The procurement and manufacturing industries rely on transportation – including long-haul trucks – to keep parts moving through the supply chain. But fossil fuel powered vehicles don’t do any favors for Earth’s delicate eco-system.
Scientists are continuously working to develop greener alternative technologies, such as electric battery powered vehicles. Hydrogen power has also shown great potential, but the fuel systems tend to be bigger than their counterparts, complex, and expensive.
An international team of researchers, led by Professor David Antonelli of Lancaster University, has discovered a new material made from manganese hydride that offers a solution. The new material would be used to make molecular sieves within fuel tanks. These tanks would store the hydrogen and work alongside fuel cells in a hydrogen powered system.
The material, called KMH-1 (Kubas Manganese Hydride-1), would enable the design of tanks that are far smaller, cheaper, more convenient, and energy dense than existing hydrogen fuel technologies. They would also significantly out-perform battery-powered vehicles.
The systems could cost five times less than lithium ion batteries and provides a range of four to five times longer between fill-ups – good news for truckers who transport goods across the country and between borders.
The material takes advantage of a chemical process called Kubas binding.
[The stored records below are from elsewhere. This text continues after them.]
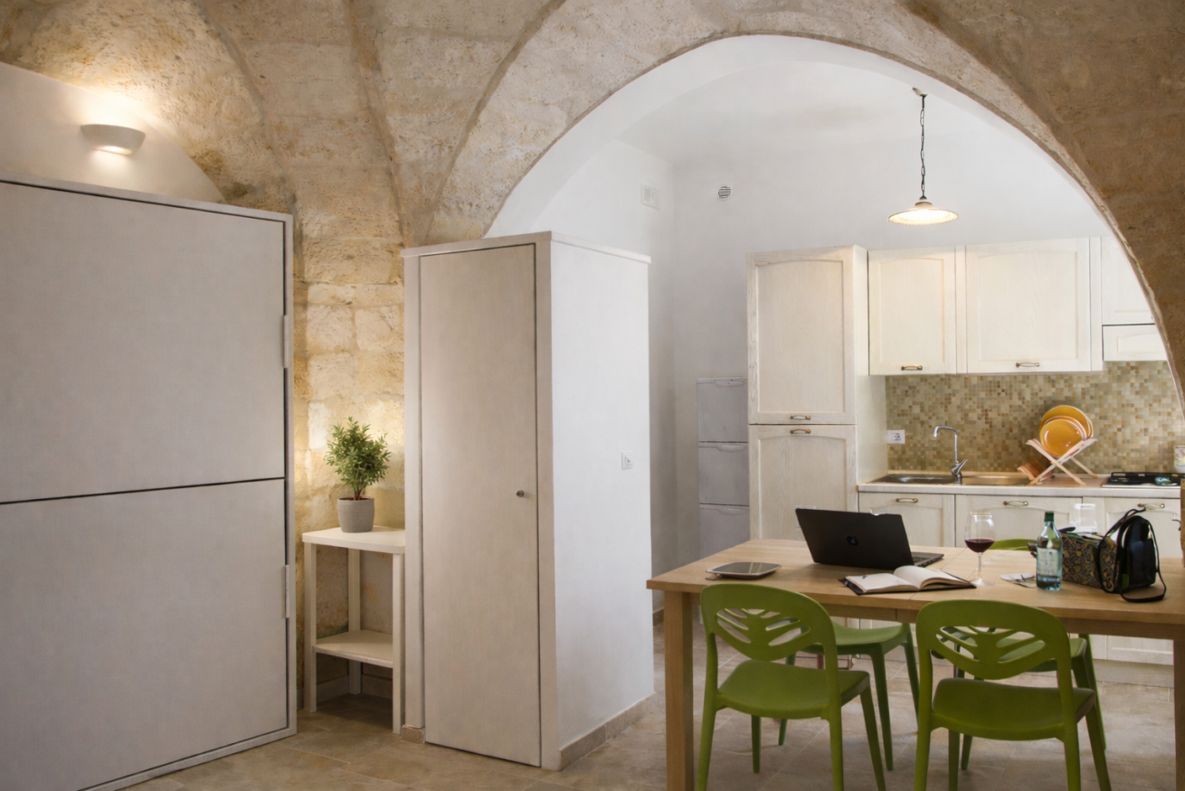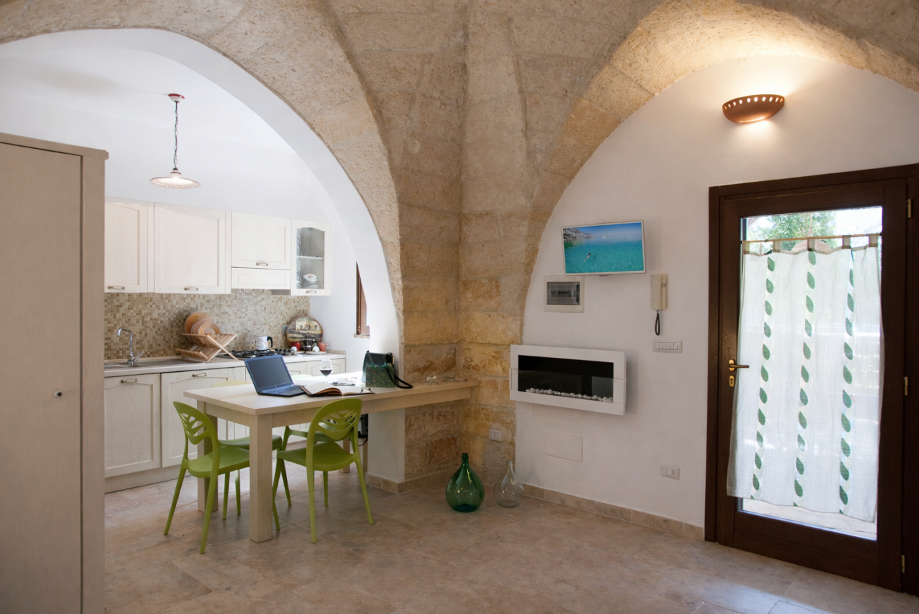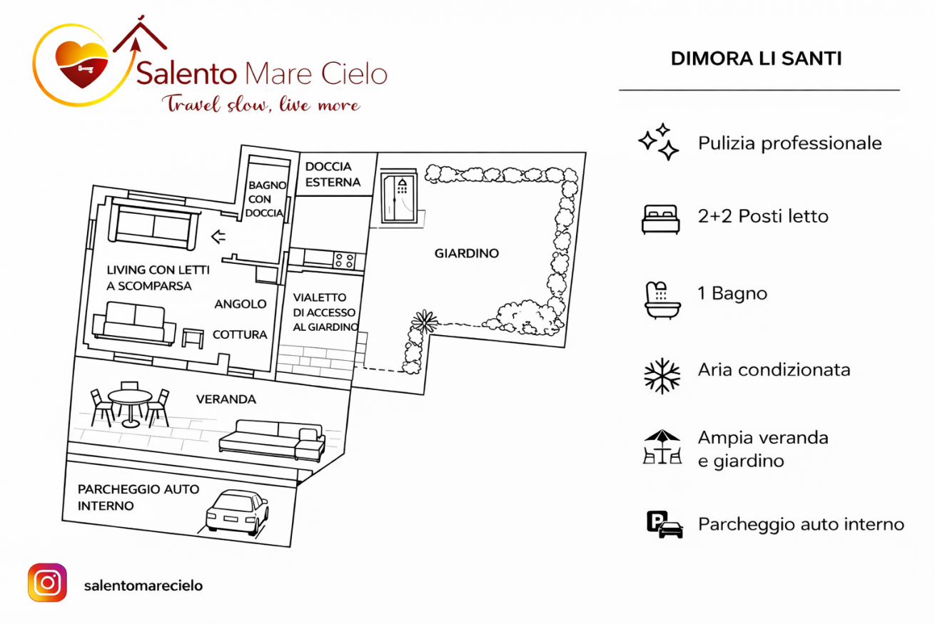 Dimora “Li Santi” è un rifugio autentico immerso nel cuore del Salento, nato da un’antica cava di tufo che custodisce conchiglie fossili come piccoli segreti del tempo. Il bilocale, al piano terra, accoglie con una suggestiva volta a stella a vista, angolo cottura attrezzato, comodo bagno con doccia e 2+2 posti letto. All’esterno, un ampio patio ombreggiato e un giardino profumato di gelsomino e rosmarino invitano al relax più puro. Tra ulivi e muretti a secco, a pochi passi dal mare di Santa Caterina e dal parco di Porto Selvaggio, ogni dettaglio racconta la bellezza del territorio. Qui, il tempo rallenta e si ritrova l’armonia.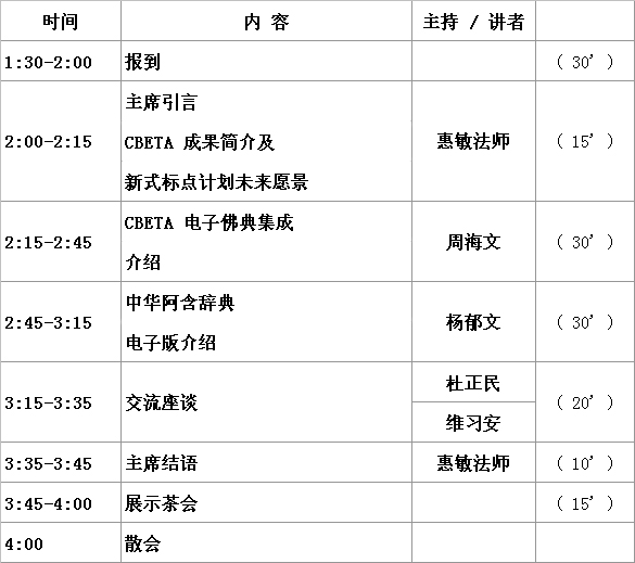 据法鼓山全球资讯网及中华电子佛典协会报道: 为了提供更优质的电子佛典,便利大众理解及研究佛教义理,中华电子佛典协会(以下简称CBETA)在三月十日(星期六)下午二时,在台北市慧日讲堂举办电子佛典成果发表会暨九周年庆活动,由法鼓山僧团首座和尚,同时也是中华电子佛典协会主任委员惠敏法师主持。出席盛会的有台北大学古典文献研究所所长王国良、台湾大学历史系教授周伯戡、日本东京大学教授维习安、佛光大学宗教学系教授游祥洲、佛陀教育基金会林拥欣及慧日讲堂厚观法师及法鼓山果兴法师等近百人参加。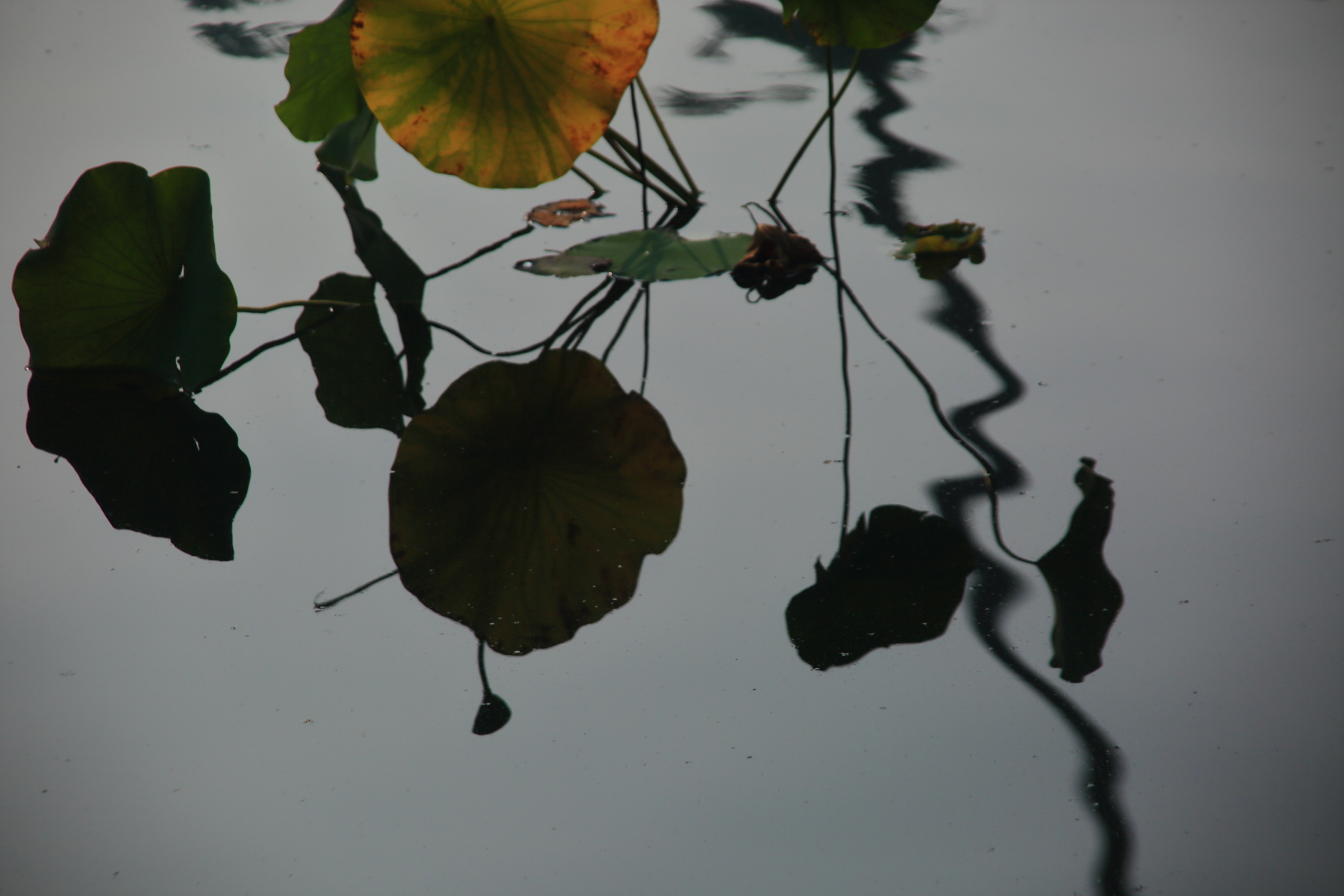 수면에 비친 연잎의 반영을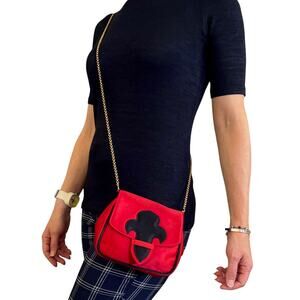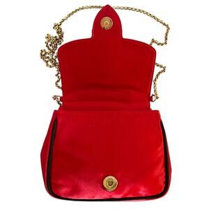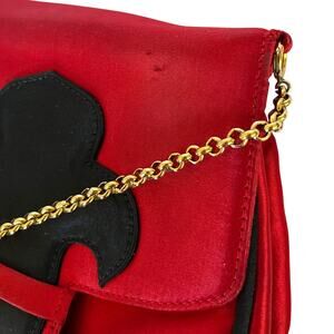Escada Vintage Fleur De Lis Red Satin Chain Strap Crossbody Evening Bag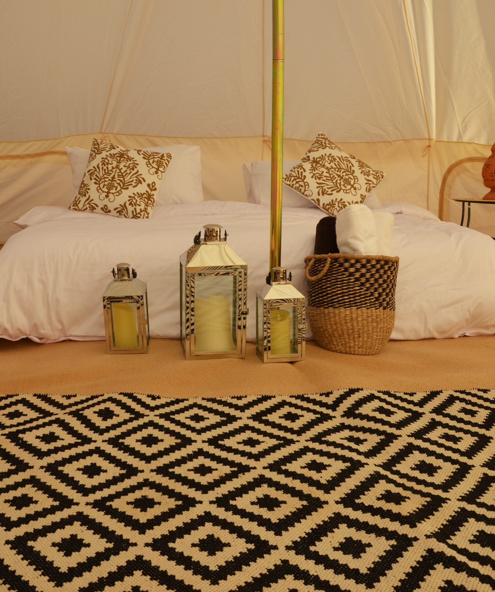 Once you’ve arrived, you’ll be greeted with traditional Arabic hospitality, with sweet tea and dates on offer within this small village of Bedouin-style tents that will become your home for the night. Expect plush mattresses and soft, white linens as good as any fixed hotel, and bathroom tents with soft towels and luxury products to wash the sand from between your toes.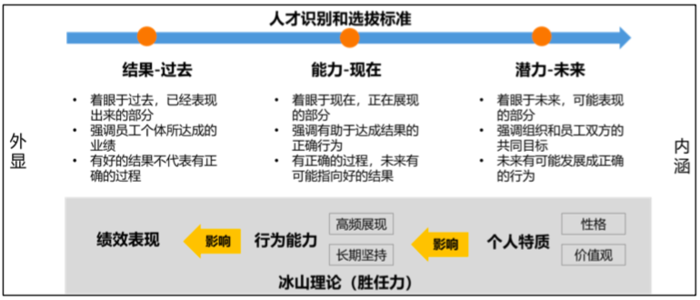 越來(lái)越多的企業(yè),不再僅僅依據(jù)過(guò)去的表現(xiàn)-”績(jī)效“這個(gè)單一維度來(lái)評(píng)估和選拔人才,而更加關(guān)注他們正在展現(xiàn)出來(lái)的、以及未來(lái)可能會(huì)表現(xiàn)的部分,對(duì)人才的評(píng)估更加全面。在人才盤點(diǎn)中,正是以發(fā)展的視角,從“績(jī)效結(jié)果、能力、潛力”多個(gè)維度去識(shí)別和挖掘人才,分別對(duì)應(yīng)著人才成長(zhǎng)時(shí)間軸上的過(guò)去、現(xiàn)在、未來(lái)。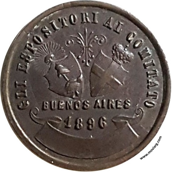 | Año: 1896 Exposiciones Metal: Cobre - Peso: 8.8gr - Módulo: 28mm Grabador: Luis Valsecchi | |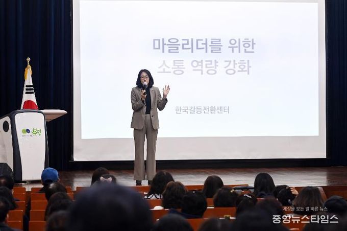 통장 300여 명이 참석한 이날 교육은 김민정 한국갈등전환센터 대표가 ‘마을 리더를 위한 소통 역량 강화’라는 주제로 진행했다.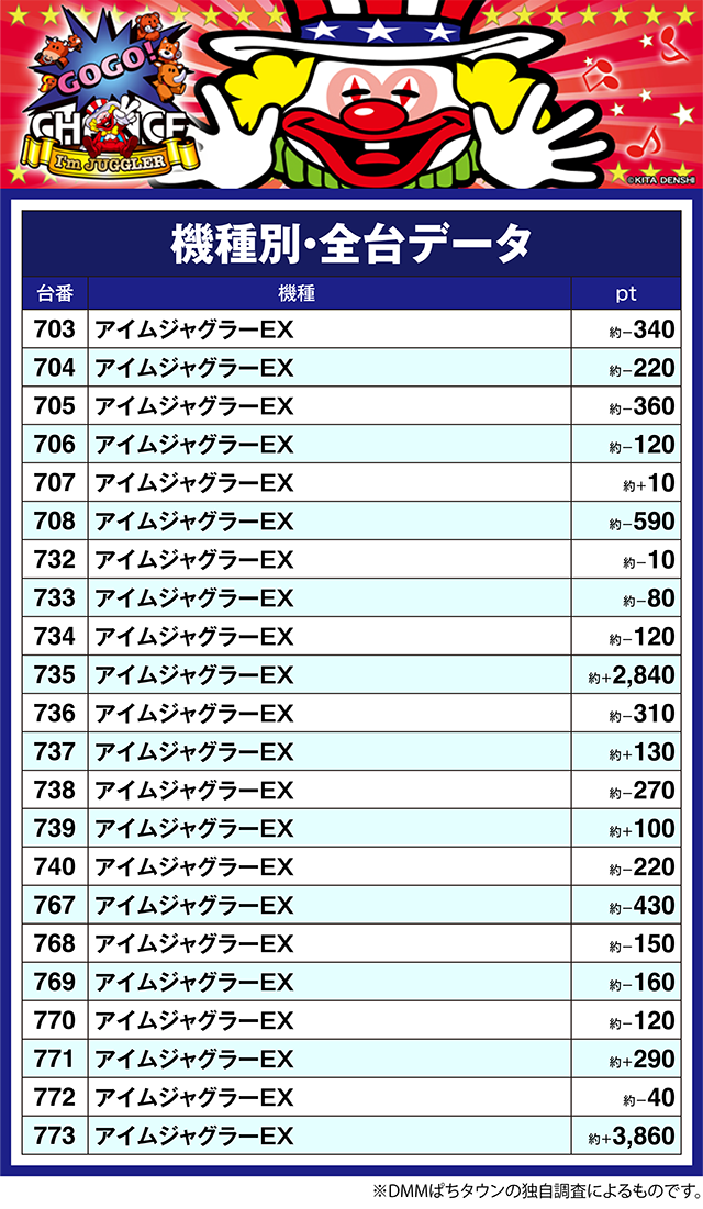 「アイムジャグラーEX」の773番台が約+3,800ptオーバー!!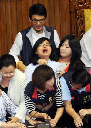 “立法院臨時(shí)會(huì)”原定處理證券交易所得稅修法、公共債務(wù)法與核四“公投”案等,未料“立委”從上午6時(shí)30分起就上演全武行,場(chǎng)面一片混亂,完全失焦!八{(lán)委”王惠美控訴,“綠委”姚文智“從后面抱她、拉她雙臂”,氣得她當(dāng)場(chǎng)痛哭、尖叫;姚文智回應(yīng),沖突難免會(huì)有肢體推擠,但絕未暴力相向。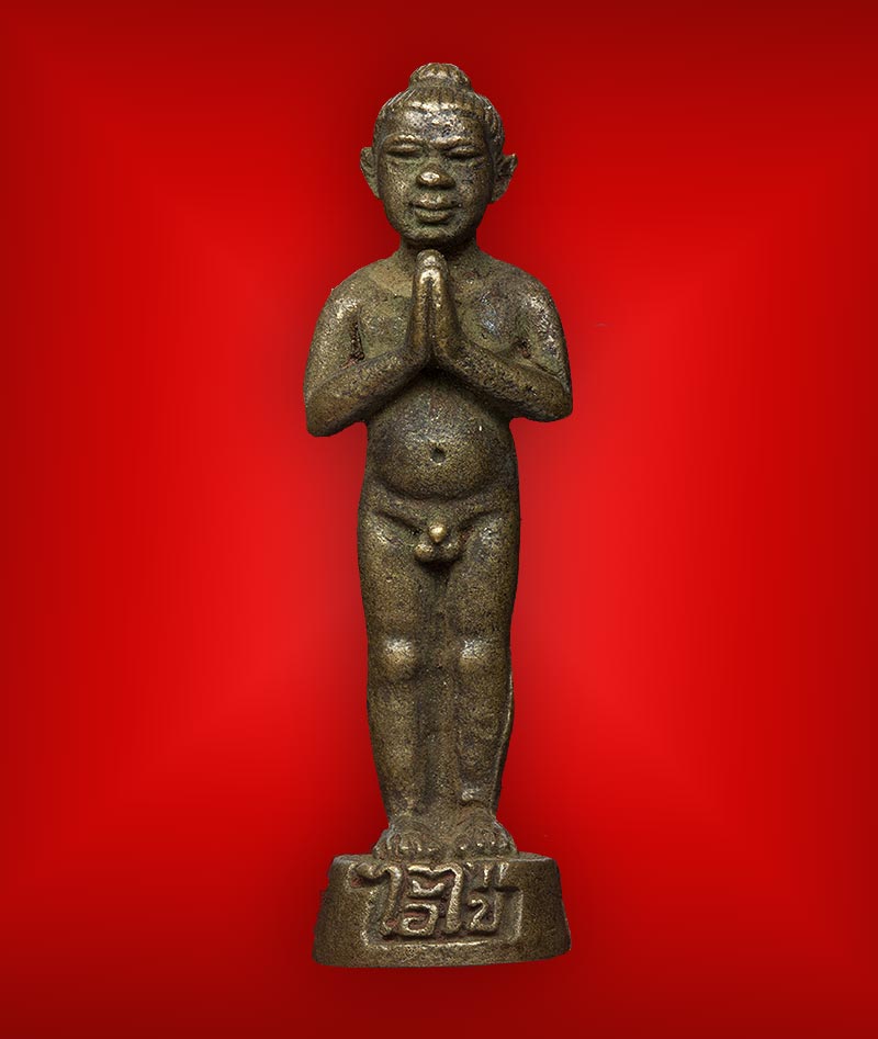 รูปหล่อไอ้ไข่เด็กวัดเจดีย์ รุ่นแรก เนื้อทองเหลือง ปี 2546 จ.นครศรีธรรมราช (ความสูง 3 ซม.)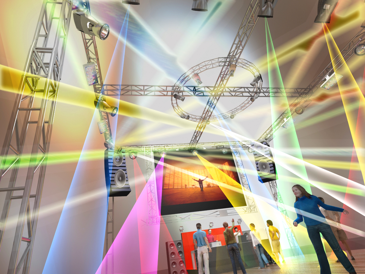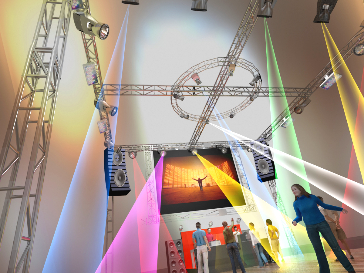 Pues es un proyectiyo para una disco móvil para conciertos y fiestas, he hecho otra que es una macro disco igual que esta, pero cuadriplicada, al principio intente hacer los focos con volumétricas, pero el cálculo tardaba demasiado y con los tiempos justos(1 semana), así que, opte por economizar, a ver qué os parece.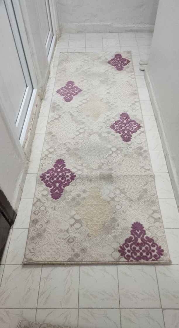Açık tonlarda, mor ve bej nakışlı desenlere sahip çok renkli geleneksel halı. Koridor ve antreler için uygundur. uzunluk 2.84 metre genişlik 80 cm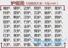 组词大全详解[炉组词]如:螭炉、锤炉、边炉、烧炉、饼炉、壁炉、抟炉、提炉、铁炉、瓦炉、袖炉、炎炉、宣炉、鸭炉、洋炉、阳炉、油炉、拥炉、银炉、跃炉、竹炉、转炉...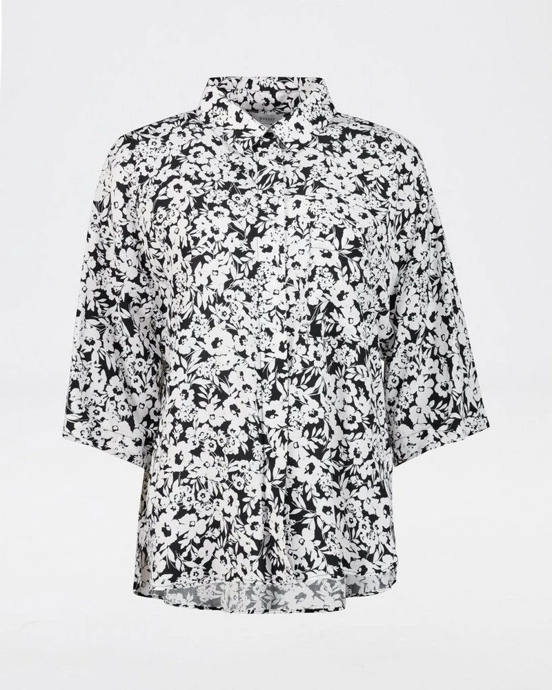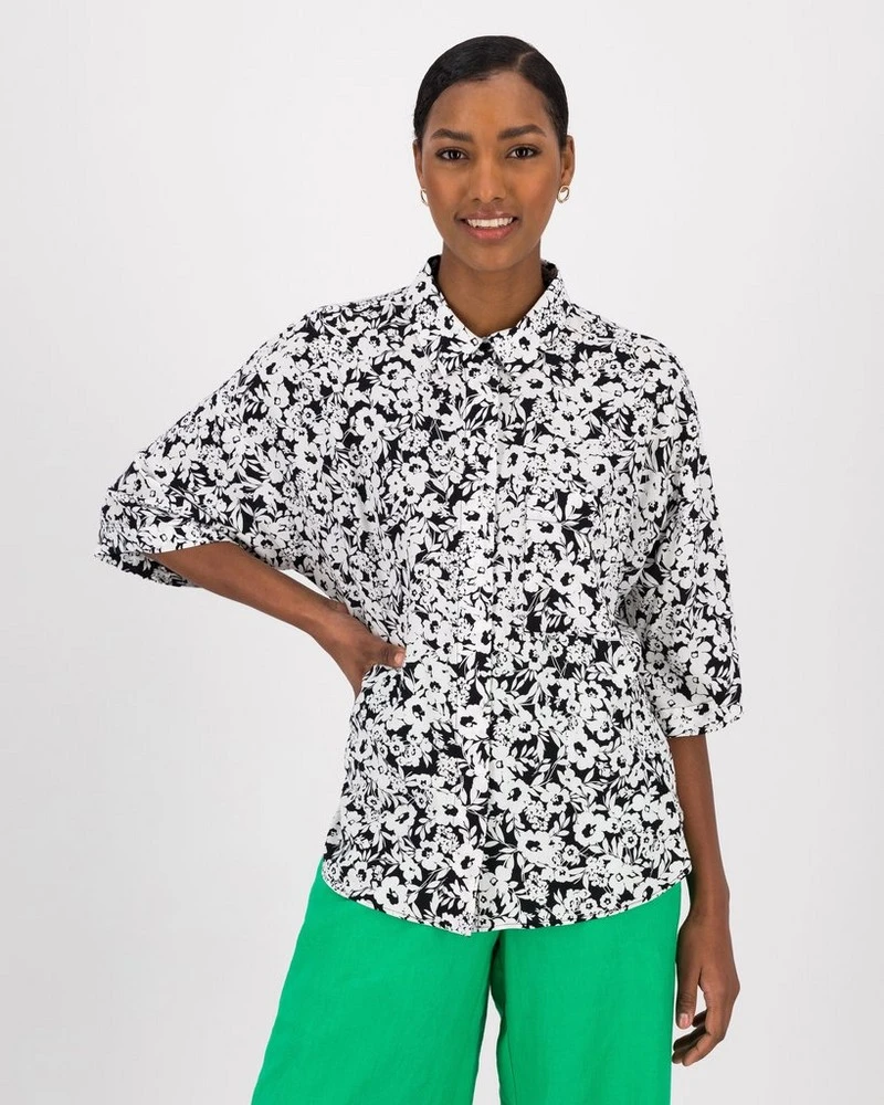 Make a statement this season in the Katalin Floral Blouse. Locally made from a lightweight yet luxe viscose material, the structured top features a regular fit with a classic collared neckline, three-quarter drop-shoulder sleeves and a gorgeous black and white floral print.

This process enables the storage of hydrogen by distancing the hydrogen atoms within a H2 molecule and works at room temperature. This eliminates the need to split, and bind, the bonds between atoms, processes that require high energies and extremes of temperature and need complex equipment to deliver.
The sieve works by absorbing hydrogen under around 120 atmospheres of pressure, which is less than a typical scuba tank. It then releases hydrogen from the tank into the fuel cell when the pressure is released.
The KMH-1 material also absorbs and stores any excess energy so external heat and cooling is not needed, making the vehicles even more efficient.
The fuel system could also be deployed in a number of other applications across the supply chain, such as powering drones and robotics.